- Problem to work on -
Print the entries exactly; no image belongs in the copy.

- Records for this exercise -
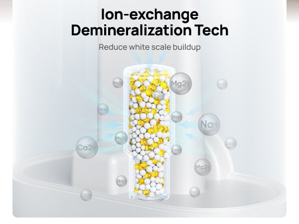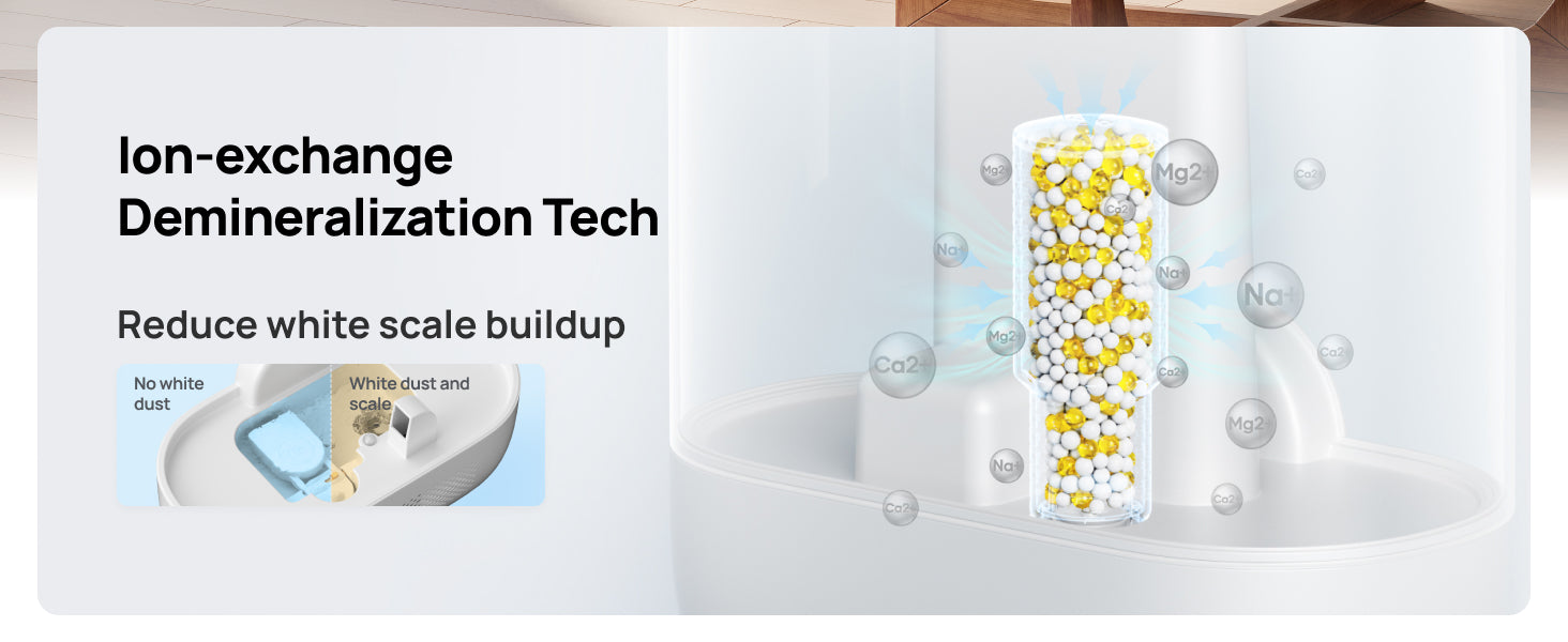 - Less White Dust, Easier to Clean: Avoid the formation of white dust inside the humidifier and around your furniture thanks to the ionic demineralization process.
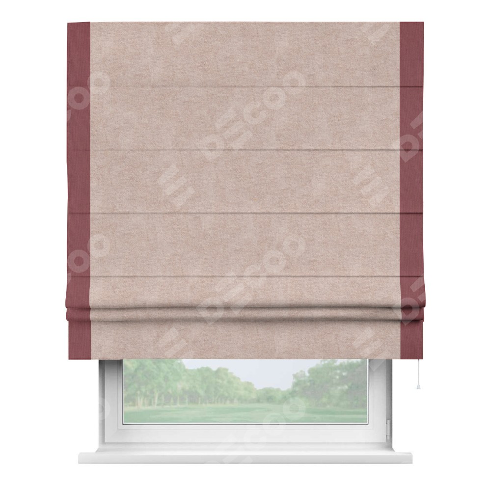 Римская штора «Кортин» для проема, канвас пудровый, с кантом Стрим Дуо
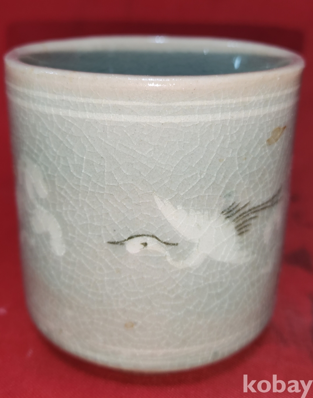 1세대 유명 도예가 도암 지순탁 (池順鐸, 1912년 4월 30일 ~ 1993년 9월 22일) 作 청자 구름과 학(雲鶴)문양 잔입니다,
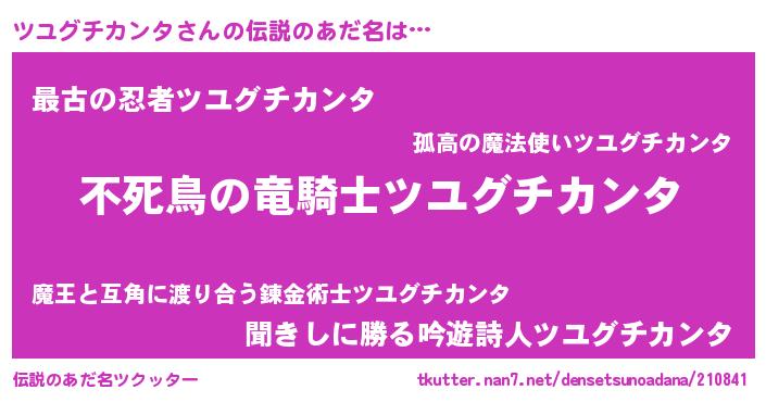 | 女子向けラノベタイトル風あだ名 | 『ツユグチカンタ姫と円卓の騎士』 |
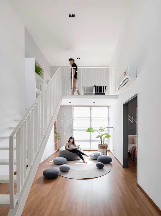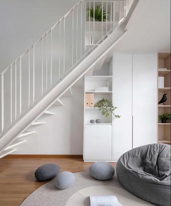家里还预留一块地方做休闲,层高足够就搭个小二层,楼梯下方增加储物柜,配上懒人沙发、地毯,闲来无事晒着太阳,看看书,快乐就是这么简单。
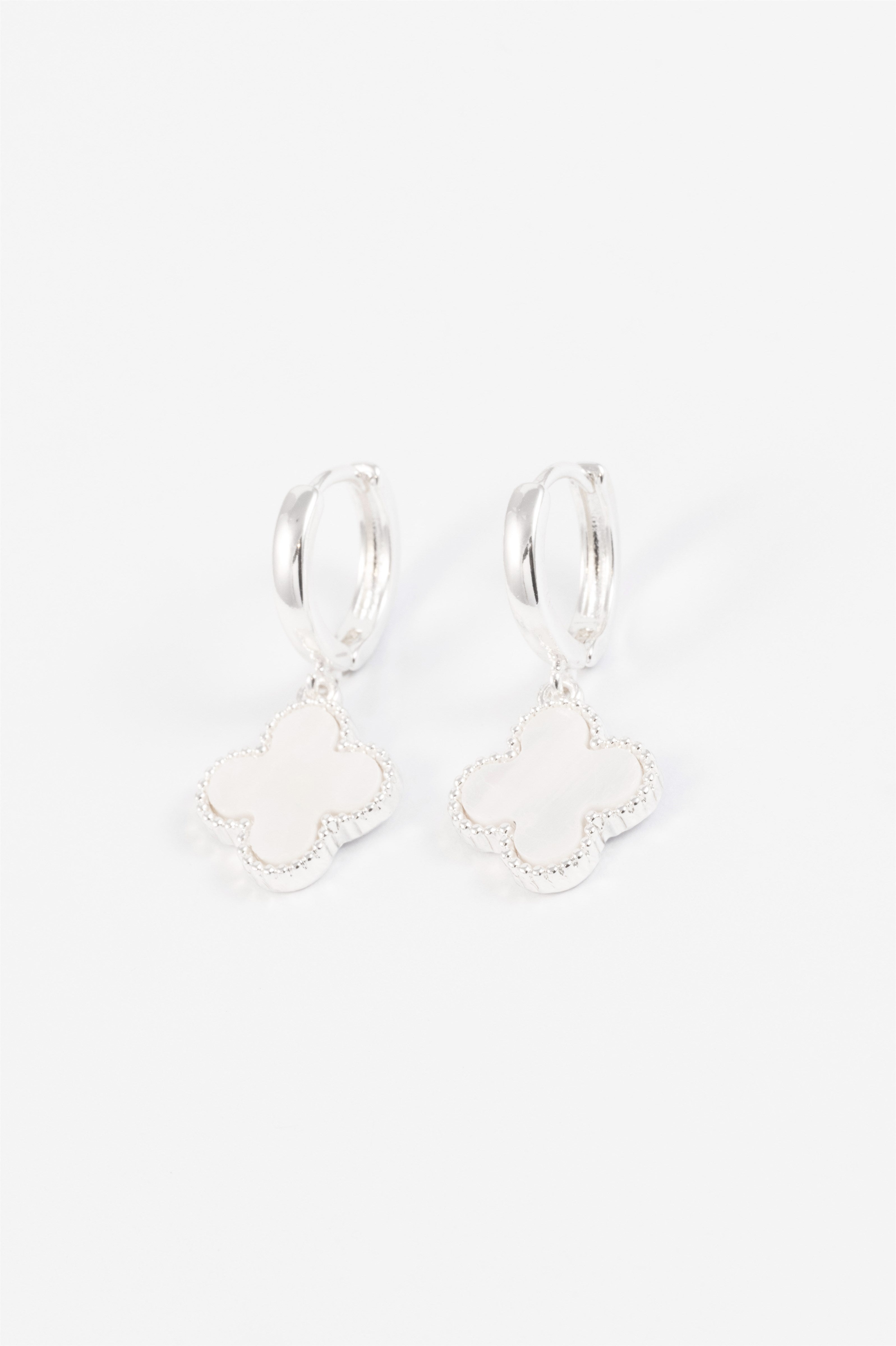SILVER WHITE CLOVER CHARM DROP HUGGIE
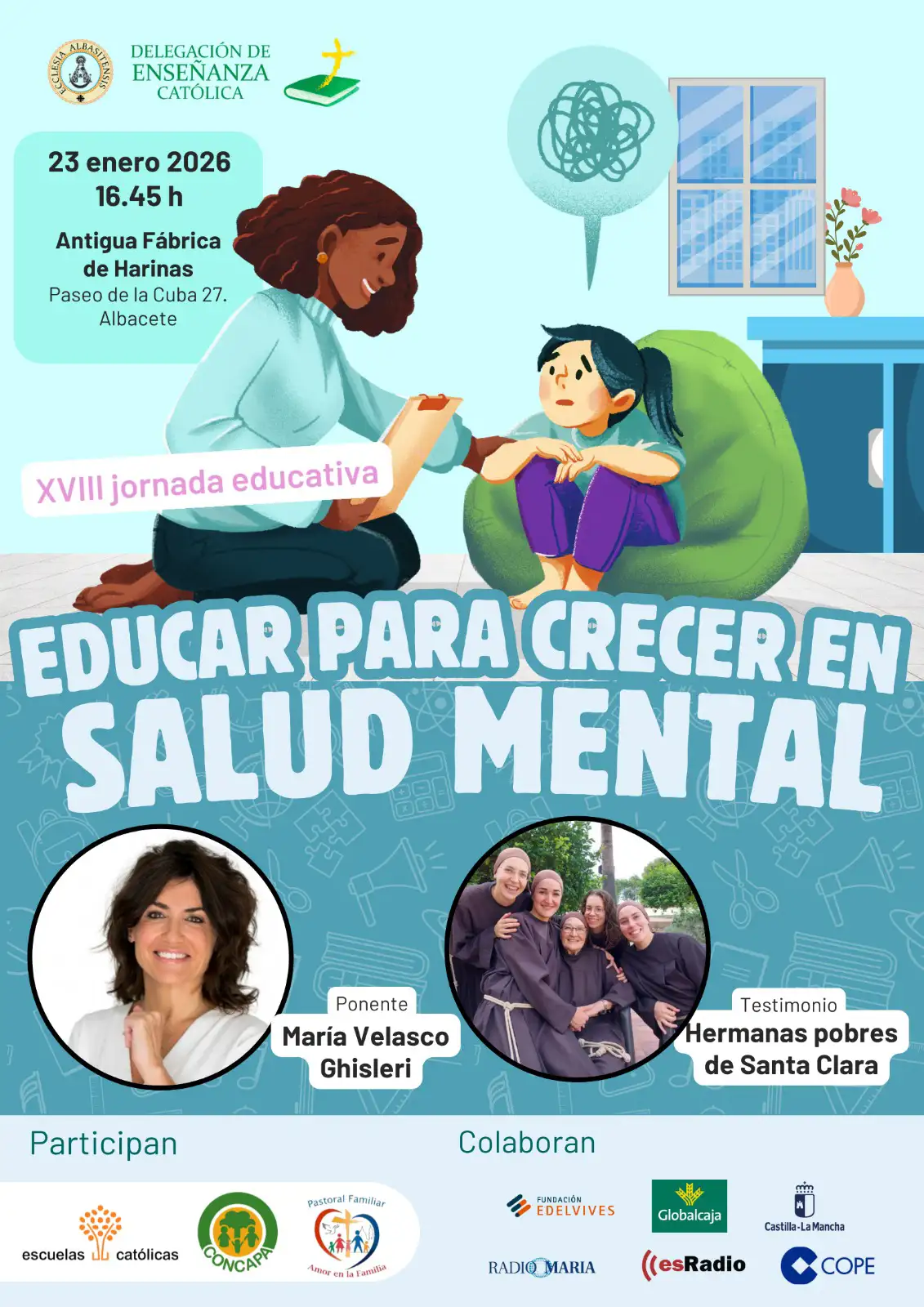 La Delegación de Enseñanza Católica de la Diócesis de Albacete celebra el próximo 23 de enero de 2026 la XVIII Jornada Educativa, bajo el lema “Educar para crecer en salud mental”, una propuesta formativa que busca ofrecer claves y reflexiones para acompañar el crecimiento integral de niños y jóvenes desde el ámbito educativo y familiar.
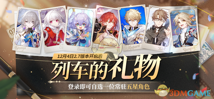 2.7版本开启后,到3.2版本结束前,开拓者登录游戏即可领取「列车的礼物」,自选常驻五星角色一名。

- Answer below -
 - Less White Dust, Easier to Clean: Avoid the formation of white dust inside the humidifier and around your furniture thanks to the ionic demineralization process.
 Римская штора «Кортин» для проема, канвас пудровый, с кантом Стрим Дуо
 1세대 유명 도예가 도암 지순탁 (池順鐸, 1912년 4월 30일 ~ 1993년 9월 22일) 作 청자 구름과 학(雲鶴)문양 잔입니다,
 | 女子向けラノベタイトル風あだ名 | 『ツユグチカンタ姫と円卓の騎士』 |
家里还预留一块地方做休闲,层高足够就搭个小二层,楼梯下方增加储物柜,配上懒人沙发、地毯,闲来无事晒着太阳,看看书,快乐就是这么简单。
SILVER WHITE CLOVER CHARM DROP HUGGIE
 La Delegación de Enseñanza Católica de la Diócesis de Albacete celebra el próximo 23 de enero de 2026 la XVIII Jornada Educativa, bajo el lema “Educar para crecer en salud mental”, una propuesta formativa que busca ofrecer claves y reflexiones para acompañar el crecimiento integral de niños y jóvenes desde el ámbito educativo y familiar.
 2.7版本开启后,到3.2版本结束前,开拓者登录游戏即可领取「列车的礼物」,自选常驻五星角色一名。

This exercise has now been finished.